TASK PROMPT »
When you reach the line with "Thanks to support" in the listing below, write out that line and every one after it exactly, and skip the pictures.

INPUT DATA »
------
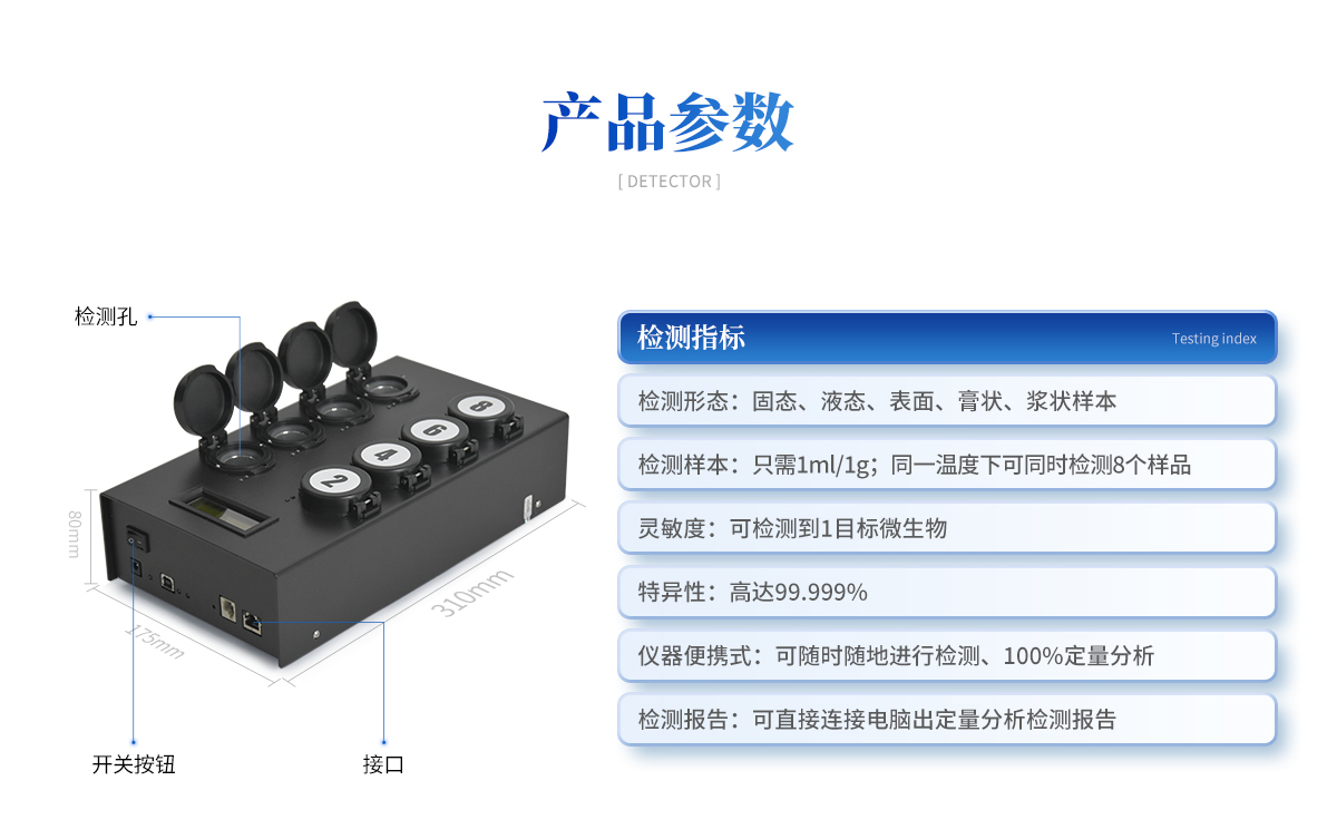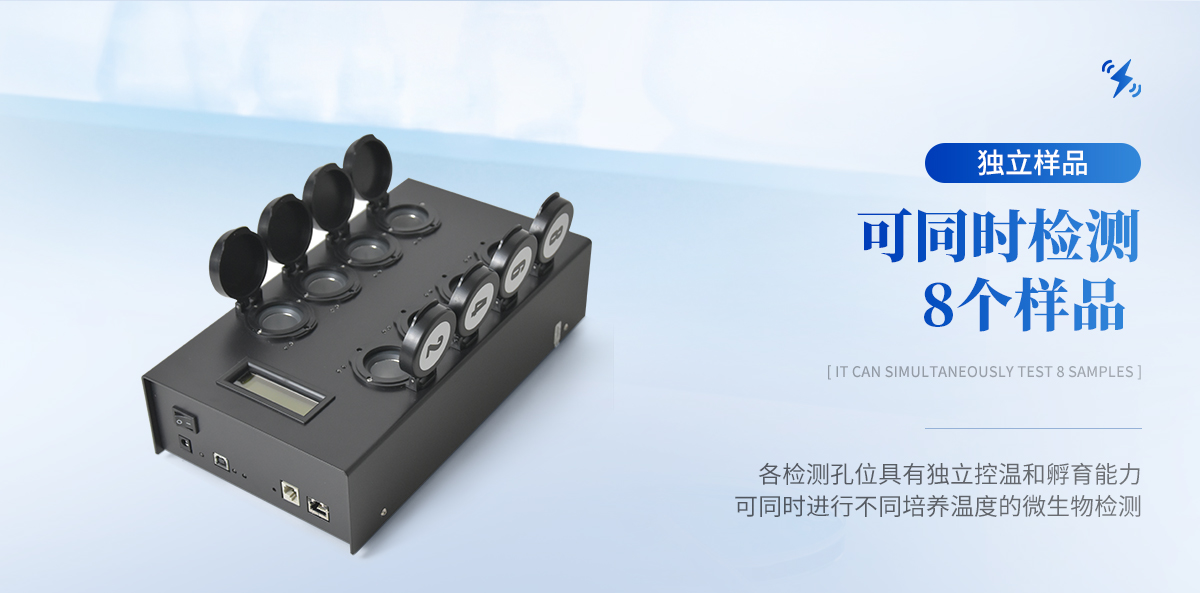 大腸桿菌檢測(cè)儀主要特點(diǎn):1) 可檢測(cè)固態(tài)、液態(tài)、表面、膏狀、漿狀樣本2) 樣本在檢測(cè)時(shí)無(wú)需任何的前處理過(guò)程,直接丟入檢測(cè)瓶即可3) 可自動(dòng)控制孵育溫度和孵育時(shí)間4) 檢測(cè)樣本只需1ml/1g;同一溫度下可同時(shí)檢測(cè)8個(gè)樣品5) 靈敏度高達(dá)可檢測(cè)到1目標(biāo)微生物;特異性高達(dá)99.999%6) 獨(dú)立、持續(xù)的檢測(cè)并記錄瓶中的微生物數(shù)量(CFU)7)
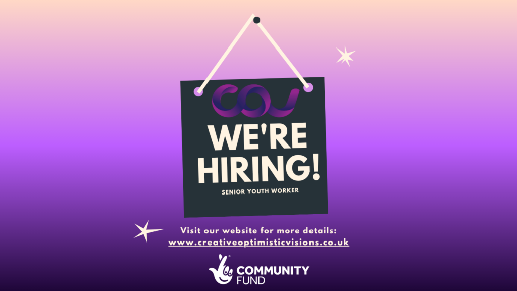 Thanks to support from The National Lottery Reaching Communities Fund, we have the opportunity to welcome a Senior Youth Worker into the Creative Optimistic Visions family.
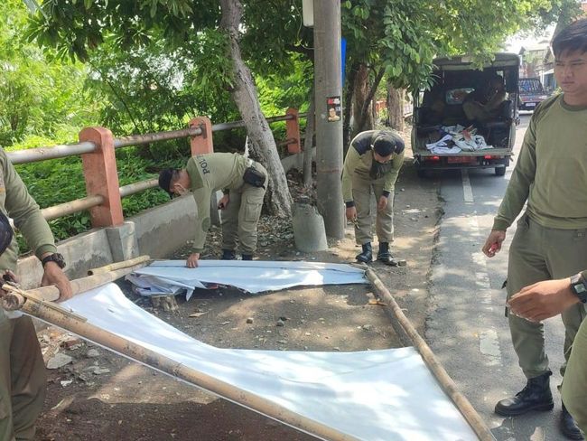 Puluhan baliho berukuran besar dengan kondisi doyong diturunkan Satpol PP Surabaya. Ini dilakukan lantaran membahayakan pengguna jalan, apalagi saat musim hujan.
------
ANSWER TO THE PROBLEM »
 Thanks to support from The National Lottery Reaching Communities Fund, we have the opportunity to welcome a Senior Youth Worker into the Creative Optimistic Visions family.
 Puluhan baliho berukuran besar dengan kondisi doyong diturunkan Satpol PP Surabaya. Ini dilakukan lantaran membahayakan pengguna jalan, apalagi saat musim hujan.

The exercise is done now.